At work, we have a service that provides a Kafka -> Websocket gateway.

Clients connect to this, provide a topic, and partition offsets, and receive a stream of Websocket messages with the events for that topic.

I wrote a client for this a couple of years ago, and during testing, and during the development phase, we encountered many of the common issues encountered when developing distributed systems, disconnections, hanging connections, thundering herd etc.

These are well known issues, and so I wanted my client library to be able to handle these well, but provide for different strategies when needed.

Inspired by the Java Cassandra reconnection policy I implemented this in Go.

This started off with some simple interfaces…

// ReconnectionScheduler should return the time before the next reconnection
// should be made.
type ReconnectionScheduler interface {
	// ScheduleReconnection returns an error to indicate that the client should not reconnect.
	ScheduleReconnection() (time.Duration, error)
}

// ReconnectionPolicy returns a ReconnectionScheduler to be used when attempting
// to reconnect.
type ReconnectionPolicy interface {
	NewScheduler() ReconnectionScheduler
}

This lends itself to some simple implementations…first the tests…

func s(d int) time.Duration {
	return time.Duration(d) * time.Second
}

var tests = []struct {
	p      ReconnectionPolicy
	values []time.Duration
}{
	{
		NewConstantReconnectionPolicy(1 * time.Second),
		[]time.Duration{s(1), s(1), s(1), s(1), s(1)},
	},
	{
		NewExponentialReconnectionPolicy(s(1), s(32)),
		[]time.Duration{s(1), s(2), s(4), s(8), s(16), s(32), s(32)},
	},
}

This code defines tests for two policies, one that returns a constant response, and the other that returns an exponential backoff.

func TestPolicies(t *testing.T) {
	for _, test := range tests {
		scheduler := test.p.NewScheduler()
		for i, duration := range test.values {
			backoff, err := scheduler.ScheduleReconnection()
			if err != nil {
				t.Errorf("unexpected error: %s", err)
			}
			if backoff != duration {
				t.Errorf("testing %+v failed, step %d: got %s, wanted %v", test.p, i, backoff, duration)
			}
		}
	}
}
// ConstantReconnectionPolicy reconnects every duration forever.
type ConstantReconnectionPolicy struct {
	duration time.Duration
}

type constantReconnectionScheduler struct {
	duration time.Duration
}

func (s constantReconnectionScheduler) ScheduleReconnection() (time.Duration, error) {
	return s.duration, nil
}

// NewScheduler implements the ReconnectionPolicy interface and returns a new
// constant reconnection scheduler.
func (p ConstantReconnectionPolicy) NewScheduler() ReconnectionScheduler {
	return constantReconnectionScheduler{p.duration}
}

// NewConstantReconnectionPolicy creates a new ConstantReconnectionPolicy with
// the specified duration.
func NewConstantReconnectionPolicy(t time.Duration) *ConstantReconnectionPolicy {
	return &ConstantReconnectionPolicy{t}
}

This makes it fairly easy to use the reconnection strategy in the connection logic.
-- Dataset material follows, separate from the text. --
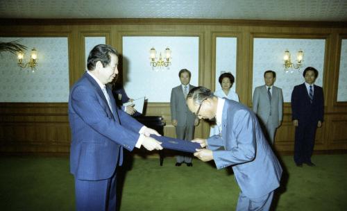 김상협 국무총리 일본 산요 사장 훈장 수여

func (c *Client) connect() error {
	c.state = connecting{}
	reconnectTimeout, exit := c.Reconnection.ScheduleReconnection()
	if exit != nil {
		return exit
	}
	time.Sleep(reconnectTimeout)
	conn, _, err := c.dialer.Dial(c.config.Endpoint, nil)
	if err != nil {
		return err
	}
	conn.SetReadDeadline(time.Now().Add(c.KeepAliveTimeout))
	pingHandler := conn.PingHandler()
	conn.SetPingHandler(func(s string) error {
		conn.SetReadDeadline(time.Now().Add(c.KeepAliveTimeout))
		pingHandler(s)
		return nil
	})
	c.socket = conn
	return nil
}

Note that this means that connection always waits the amount of time returned by the reconnection scheduler before attempting to connect.
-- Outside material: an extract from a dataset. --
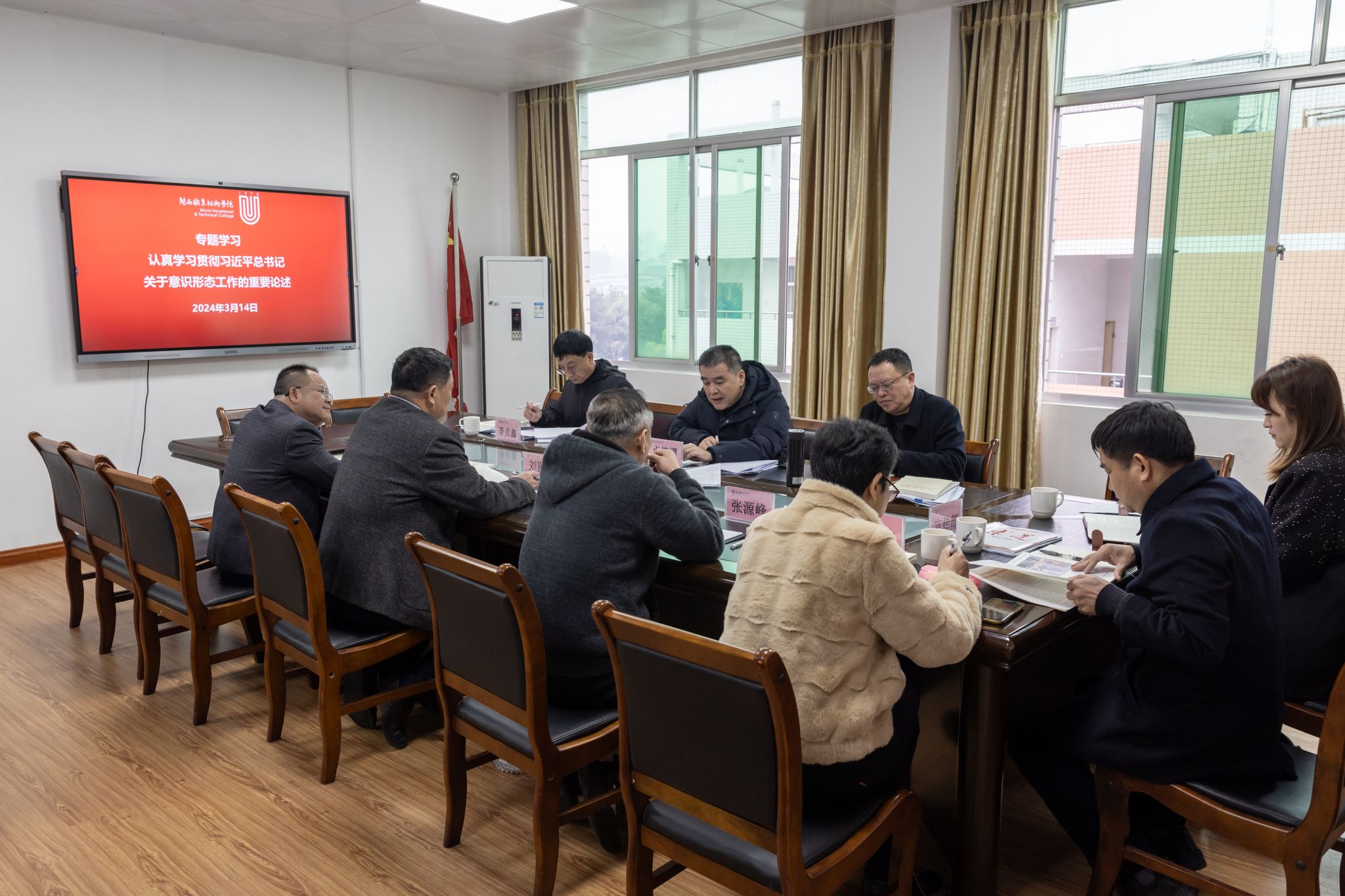 3月14日下午,校党委理论学习中心组2024年第三次学习会在六楼会议室召开,学习会围绕认真学习贯彻习近平总书记重要文章:《完整、准确、全面贯彻落实关于做好新时代党的统一战线工作的重要思想》《铸牢中华民族共同体意识 推进新时代党的民族工作高质量发展》,认真学习习近平总书记重要著作:《深入推进我国宗教中国化》,认真学习贯彻习近平总书记关于意识形态工作的重要论述,专题学习习近平总书记关于力戒形式主义官僚主义的重要论述摘编、习近平总书记关于艰苦奋斗、勤俭节约思想的重要论述。认真传达学习习近平总书记在全国两会期间的重要讲话精神和2024年全国两会精神。校党委书记卢伟耀主持学习会,校党委副书记李贞鑫作专题发言,中心组成员围绕学习内容进行讨论交流,校宣传部负责人、机关党总支书记列席学习会。

This could be improved by either adding an initial boolean, and skip if this is our initial connection (determined elsewhere), or possibly by detecting previous connections.

Or, the option I prefer, in the policy, return a 0 value for the first duration so that it is in control, this would make it easy to introduce arbitrary delays before connecting.